И все же. И все же в той горечи чуялось искупление. Освобождение.
Прощаю тебя, сын мой.
Когда придет Последний день, и Он выберется на поверхность, порвав вечные свои путы… Тогда Последний дождь падет на землю слезами Матери. И земля пойдет кругами, подобно воде.
И омоется ими – говорят. Но их не слушают.
6.
***
Первые три круга были легки.
Ханна Северное Сияние, старейшина племени Белых Завывателей, шла неумолимо, и за плечами у нее реял свет, рассеивающий темноту Спирали.
Четвертый и пятый она плохо помнила. Чужая боль и ненависть замещали сознание, рвали на клочья память, срывали живьем кожу, сжигали в серебре…
Нет, серебро было потом. Потом.
А тогда – она просто шла. Не чтоб погибнуть или победить – чтоб пройти.
И гасли за спиной полотнища северного сияния – а она шла.
Шестой? Шестого не было - было падение, и смерть о камни.
Седьмой и восьмой – не было ее. Она – она была в серебряном потоке, несшем ее в багровое зарево Эребуса… И только сполохом сна – то, как идет она по седьмому и восьмому кругам ада.
А на девятом ее ждала бездна, полная боли и отчаяния.
Но это уже была не она.
5.
***
Неужели все? Неужели тысячи лет – когда каждая секунда – пламенем по костям – прошли? Неужели нет больше накатывающей волны серебра, прожигающей не плоть – саму душу. Ах, если бы плоть. Нет, плоти нет давно, голые кости тонут в вязкой массе живого, голодного, льющегося металла. Вместо крови – серебро. Вместо мыслей – серебро. И – рывком на берег, только для того, чтоб черная лапа Стража ударила, смяла, бросила обратно. А обратно – сразу хуже. Стоит лишь покинуть серебряное озеро, как плоть нарастает, напоминает о себе – чтоб тут же сгореть дотла, до белой кости в благословенном металле.
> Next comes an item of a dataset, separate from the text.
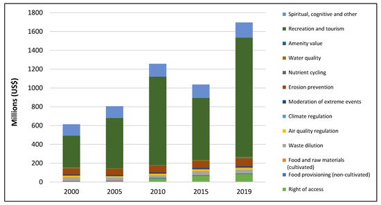 Cultural services were the most valuable of the four major types of ES, accounting for approximately three quarters of the value over the past two decades. Recreation and tourism contributed the highest value among the 15 ES, followed by another cultural ecosystem service in the form of spiritual, cognitive and other (Figure 2). Recreation and tourism explain between 54% and 75% of the value for local beneficiaries and between 50% and 71% for global beneficiaries of the value over the past two decades (see Appendix B and especially Figure A1, Figure A2, Figure A3, Figure A4, Figure A5, Figure A6, Figure A7, Figure A8, Figure A9 and Figure A10).
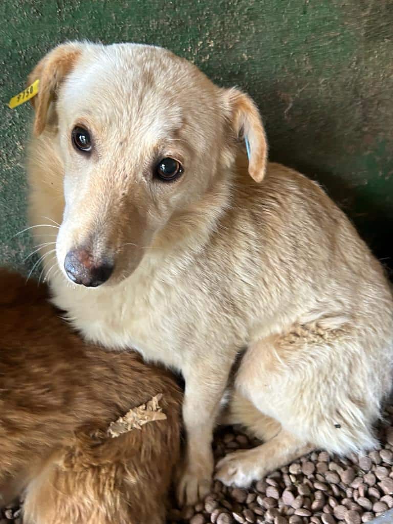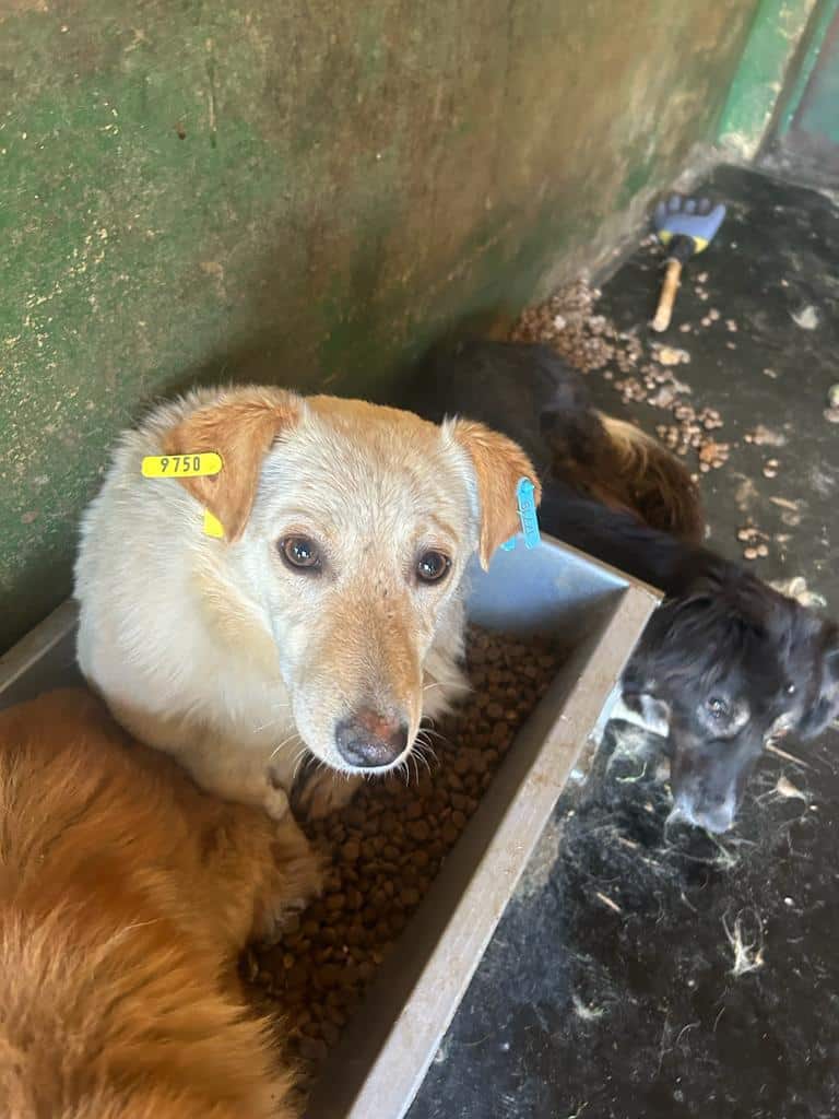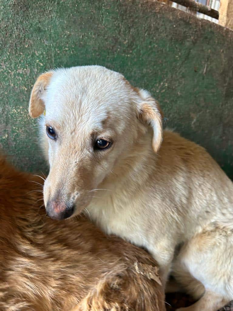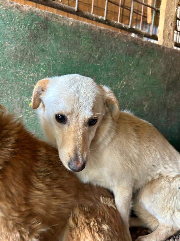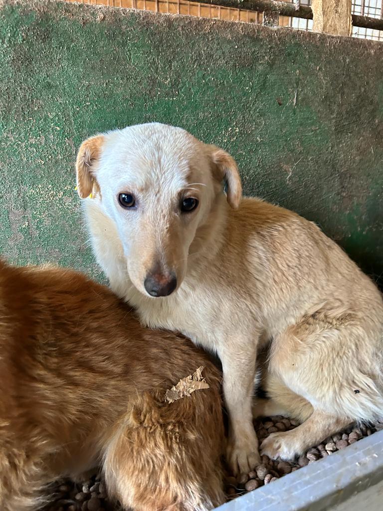 die zierliche blonde Hündin war sehr besorgt, als wir uns ihr näherten – sie wich aus und klemmte sich in den Futtertrog, suchte Schutz bei ihrem Kennelkollegen

Неужели все? Это не бред? Не сон? Не сон – когда все девять кругов ушли в серебро, стали неважным, чужим бредом?
Искупление.
4.
***
Лестница в небо
Есть ли любовь?
Лестница в небо.
Виток за витком.
Есть ли любовь в ваших сердцах.
Лестница в небо.
Девять кругов.
Соткана снегом, туманом и светом звезды.
Лестница в небо.
Пройдешь до конца?
Можно ль построить Спираль – только в небо, не вниз,
Без темноты позабытой беды.
Любовь и прощенье.
Дорога. Звезда.
Радостью – шаг. Ступенью – искренний смех.
Помощь – в творении.
Девять прозрачных вех, сотканных из хрусталя.
Хрупки ступени во сне.
Будут ли наяву?
Тенью печали – сиреневый блик. Ветром лазурным скользнет расставанье.
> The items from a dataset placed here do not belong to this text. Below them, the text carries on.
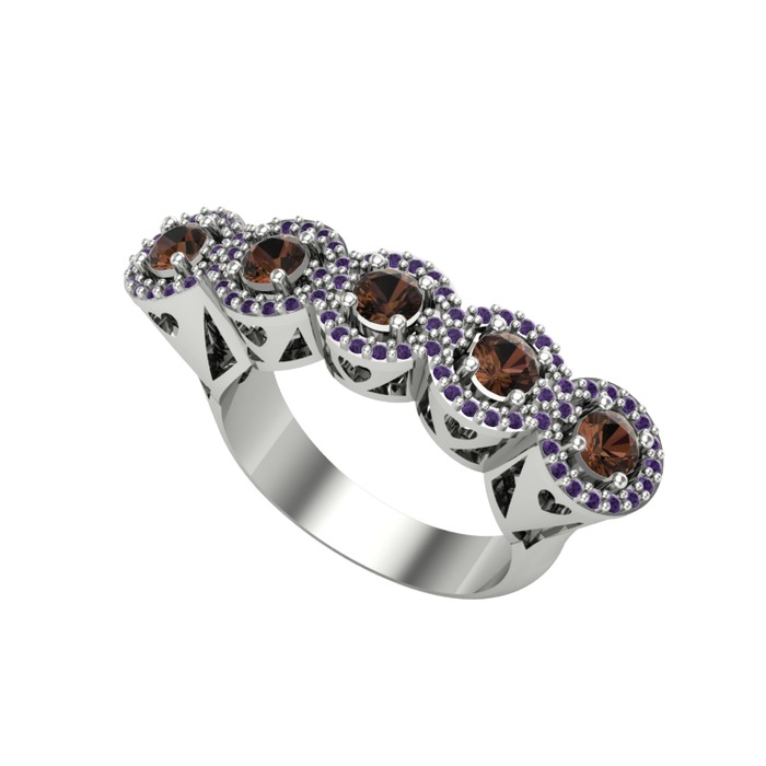 Dumanlı kuvars ve ametist 8 ayar beyaz altın yüzük
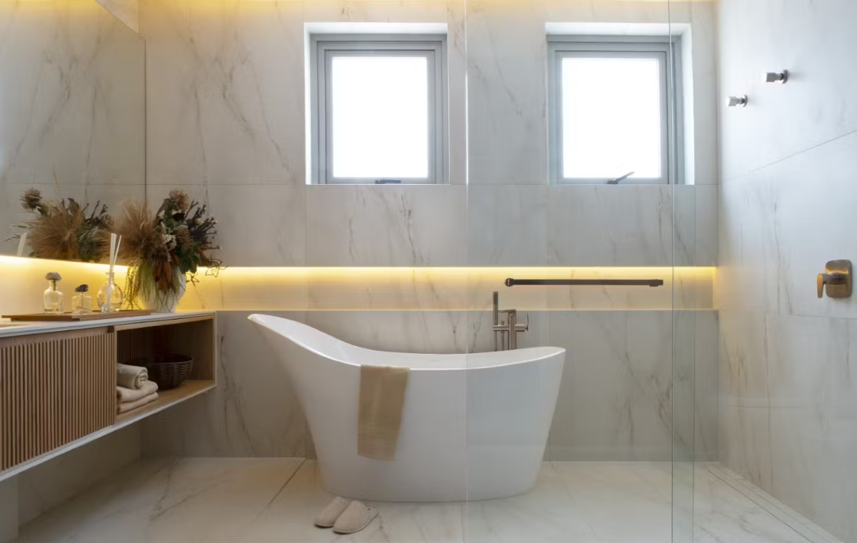 Los tonos neutros como el blanco, el gris y el beige continúan siendo populares, especialmente en acabados que imitan mármol. Estos colores aportan luminosidad y sensación de amplitud a cualquier espacio, y se combinan fácilmente con una variedad de estilos decorativos.
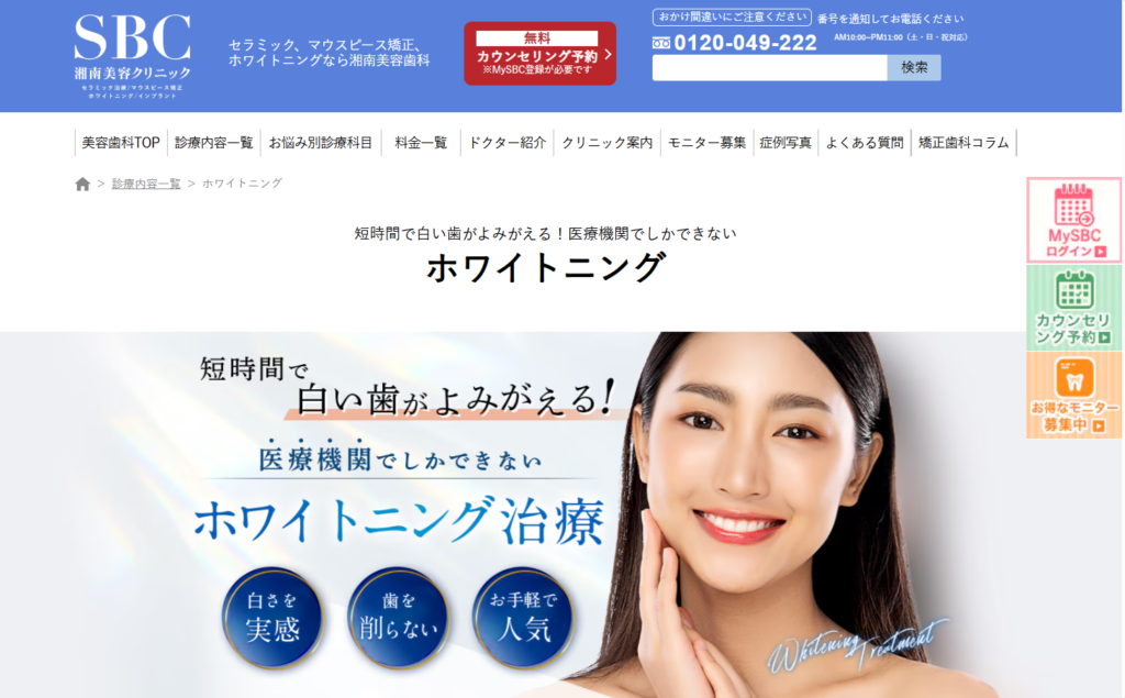美容医療で有名な湘南美容クリニックですが、大阪エリア(梅田や心斎橋など)の歯科併設院では高品質なホワイトニングを提供しています。大手ならではのスケールメリットを活かした、リーズナブルな価格設定が大きな特徴です。
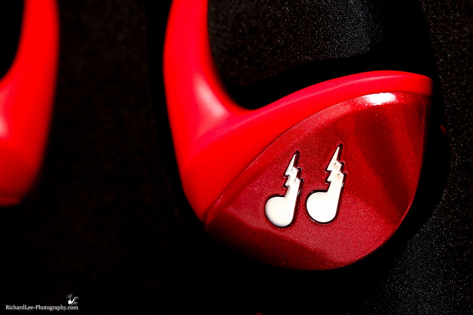所幸呢,白色跟紅色的透明內蓋貼紙沒有被理查也切斷了,下面是黑色的耳機特寫
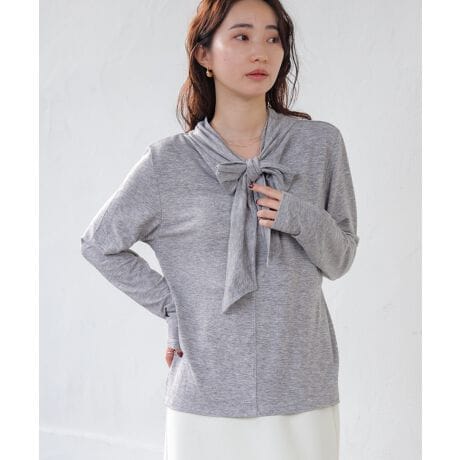 首元のタイデザインがさりげないアクセントとなり、シンプルながらも品のある印象に仕上げたトップスです。落ち感のある素材が体のラインをきれいに見せ、大人の女性にちょうど良い抜け感を演出します。1枚で着映えしつつ、派手になりすぎないデザインが日常使いに最適です!
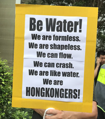 В подписках у гонконгской группы с Гадсденовским флагом в «Твиттер» есть группа с интересным названием «Be water» («Будь водой»).
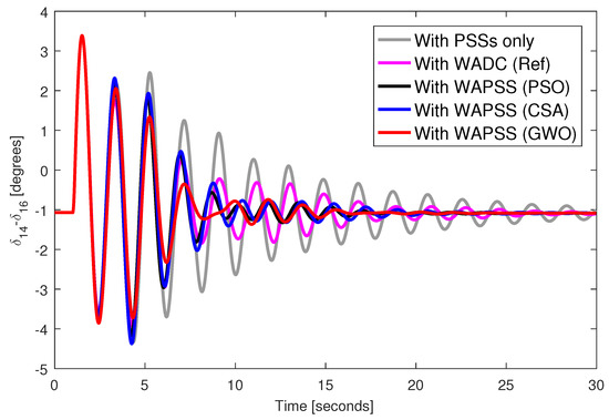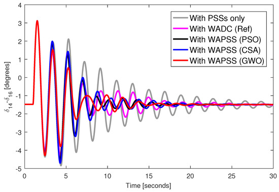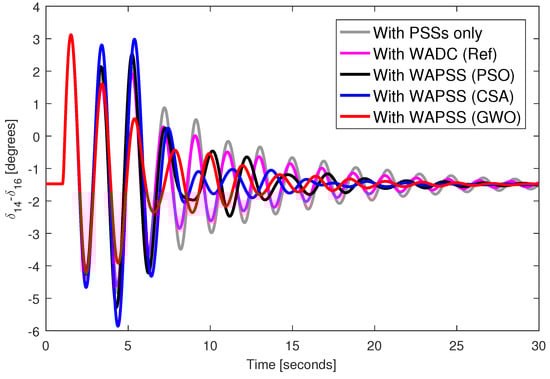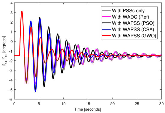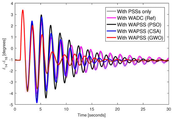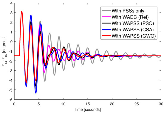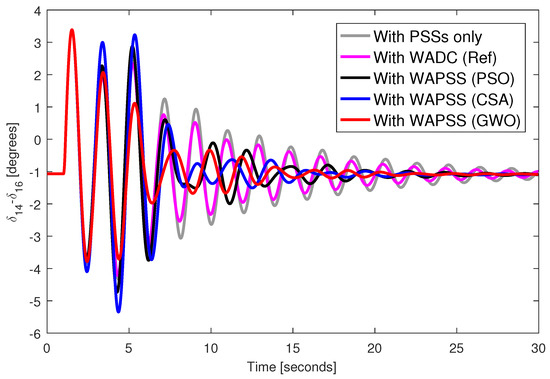 A three-phase fault was applied to bus 40 of the test system during 100 milliseconds with the designed WAPSS controllers. Figure 2, Figure 3, Figure 4 and Figure 5 provide the angular responses of the generator 14 for the base case considering the WAPSS operating without failures, operating with the permanent loss of the speed signal from the generator 14, operating with the permanent loss of the control signal for the AVR 5, operating with the permanent losses of the speed signal from the generator 14 and the control signal for the AVR 5, respectively. Figure 6, Figure 7, Figure 8 and Figure 9 provide the angular responses of the generator 14 for the base case with disconnection of the transmission line 33–54 considering the WAPSS operating without failures, operating with the permanent loss of the speed signal from the generator 14, operating with the permanent loss of the control signal for the AVR 5, operating with the permanent losses of the speed signal from the generator 14 and the control signal for the AVR 5, respectively. It is observed that angular responses are well-damped with the presence of WAPSS. The WAPSS designed by the GWO metaheuristic performs slightly better than other WAPSSs in terms of angular response. The angular responses are well-damped, even when one or two communication failures occur in the test system. However, the WADC controller (WADC (Ref)) designed by the [55] method performed satisfactorily only when the WADC controller operates with even one communication failure. When two communication failures occurred, the angular responses were poorly damped for the system with the WADC controller (WADC (Ref)).

Розовым светом рассвета – радость от встреч.
Тонкость колонн золотом свеч светится изнутри.
Тенью тепла от протянутой кем-то руки.
Посмотри -
Каждой улыбкой – ступень.
Девять пролетов – тысячи судеб.
Будет ли день?
Что наверху?
Легко ли подняться?
Падать быстрее.
Что в их сердцах, видно ли сверху тому, кто взошел?
Есть ли любовь?
3.
***
«Ты придешь в этот мир» - сказал Лев, и Ханна склонила голову, - «Искупление завершилось. Прости – прости за то, что страдала».
«Я понимаю. Я знаю цену души, прошедшей через Спираль»
«Ты знаешь цену души, прошедшей через Эребус»
«Я искупила?»
«Ты искупила»
«Гайа милосердна»
«Мать чувствовала твою боль»
«Я знаю. Она забирала ее, когда я готова была пасть и перестать быть»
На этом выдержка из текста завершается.